Analysis of baseline interstitial lung abnormality on the risk of checkpoint inhibitor-related pneumonitis and survival in advanced non-small cell lung cancer patients treated with first-line PD-1/PD-L1 inhibitors.

Abstract

Background: Chest computed tomography (CT) can be used to identify interstitial lung abnormality (ILA), which is known to lead to an increased risk of post-operative complications, and is related to a worse prognosis in early-stage lung cancer. However, research on the role of ILA in advanced non-small cell lung cancer (NSCLC) patients receiving immunotherapy is limited. This study sought to investigate the effect of pre-existing ILA and pulmonary function test (PFT) results on the occurrence of checkpoint inhibitor-related pneumonitis (CIP) and survival in advanced NSCLC patients after programmed cell death protein-1 (PD-1) or programmed cell death-ligand 1 (PD-L1) inhibitor therapy.
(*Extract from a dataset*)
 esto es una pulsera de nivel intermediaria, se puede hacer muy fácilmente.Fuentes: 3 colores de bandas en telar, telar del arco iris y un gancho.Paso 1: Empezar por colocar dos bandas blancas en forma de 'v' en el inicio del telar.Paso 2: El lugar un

Methods: We retrospectively divided the patients with advanced NSCLC into two groups: the with ILA group, and the without ILA group. We also divided the patients into two groups based on whether they developed CIP during treatment. After first-line immunotherapy, we followed up with all patients and recorded their progression-free survival (PFS) and overall survival (OS). Two respiratory specialists recorded the cases of CIP and the existence of ILA on chest CT, and assessed the consistency of ILA. A logistic regression analysis was performed to explore the independent risk factors for CIP, and a Cox regression analysis was performed to investigate the factors influencing PFS and OS.
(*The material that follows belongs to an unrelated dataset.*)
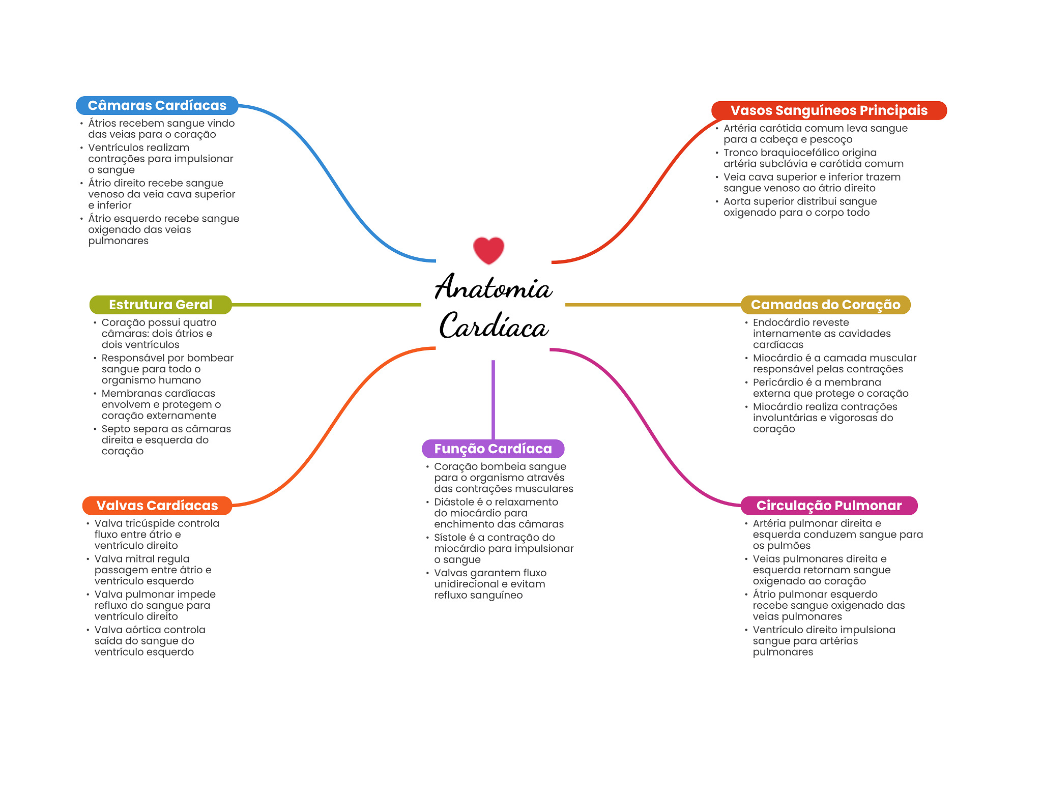 Câmaras Cardíacas Vasos Sanguíneos Principais Átrios recebem sangue vindo Artéria carótida comum leva sangue das veias para coração para a cabeça e pescoço Ventrículos realizam contrações para impulsionar Tronco braquiocefálico origina artéria subclávia e carótida comum sangue Átrio direito recebe sangue Veia cava superior e inferior trazem venoso da veia cava superior sangue venoso ao átrio direito e inferior Aorta superior distribui sangue Átrio esquerdo recebe sangue oxigenado para corpo todo oxigenado das veias pulmonares Anatomia Estrutura Geral Camadas do Coração Coração possui quatro Cardíaca Endocárdio reveste câmaras: dois átrios e internamente as cavidades dois ventrículos cardíacas Responsável por bombear Miocárdio é a camada muscular sangue para todo responsável pelas contrações organismo humano Pericárdio é a membrana Membranas cardíacas externa que protege coração envolvem e protegem O Miocárdio realiza contrações coração externamente involuntárias e vigorosas do Septo separa as câmaras coração direita e esquerda do coração Função Cardíaca Coração bombeia sangue para O organismo através das contrações musculares Valvas Cardíacas Diástole é O relaxamento do miocárdio para Circulação Pulmonar Valva tricúspide controla enchimento das câmaras Artéria pulmonar direita e fluxo entre átrio e Sistole é a contração do esquerda conduzem sangue para ventrículo direito miocárdio para impulsionar OS pulmões Valva mitral regula O sangue Veias pulmonares direita e passagem entre átrio e Valvas garantem fluxo esquerda retornam sangue ventrículo esquerdo unidirecional e evitam oxigenado ao coração Valva pulmonar impede refluxo sanguíneo Átrio pulmonar esquerdo refluxo do sangue para recebe sangue oxigenado das ventrículo direito veias pulmonares Valva aórtica controla Ventrículo direito impulsiona saída do sangue do sangue para artérias ventrículo esquerdo pulmonares

Results: Of the 269 patients with advanced NSCLC enrolled in the study, 93 (34.57%) had ILA, and 176 (65.43%) did not have ILA. Additionally, 39 (14.50%) of the patients developed CIP. The univariate analysis showed that pre-existing ILA [odds ratio (OR): 3.733; 95% confidence interval (CI): 1.846-7.549; P<0.001], body mass index (BMI) (≥24.12 kg/m²) (OR: 2.616; 95% CI: 1.312-5.214; P=0.006), and lactate dehydrogenase (LDH) (≥186.50 U/L) (OR: 2.231; 95% CI: 1.038-4.792; P=0.04) were highly correlated with CIP. In the multivariate analysis, ILA remained a robust independent predictor of CIP (OR: 4.128; 95% CI: 1.984-8.587; P<0.001). In terms of CIP, compared to the patients with mild CIP (grades 1/2), those with severe CIP (grades 3/4) had a worse OS (median for patients with grades 3/4: 12.4 months; median for patients with grades 1/2: 35.8 months) [hazard ratio (HR): 4.808; 95% CI: 1.671-13.830; P=0.004]. ILA was linked to a shorter OS time, such that the patients with ILA had a median OS of 21.1 months, while those without ILA had a median OS of 42.5 months (HR: 2.213; 95% CI: 1.404-3.488; P<0.001). The multivariable Cox regression analysis showed that ILA was also significantly associated with an increased risk of death (HR: 1.899; 95% CI: 1.253-2.878; P=0.002). However, no significant association was found between the PFTs before immunotherapy and CIP.

Conclusions: Pre-existing ILA is an independent risk factor that is strongly associated with CIP, and significantly correlated with worse PFS and OS in advanced NSCLC patients after first-line immunotherapy.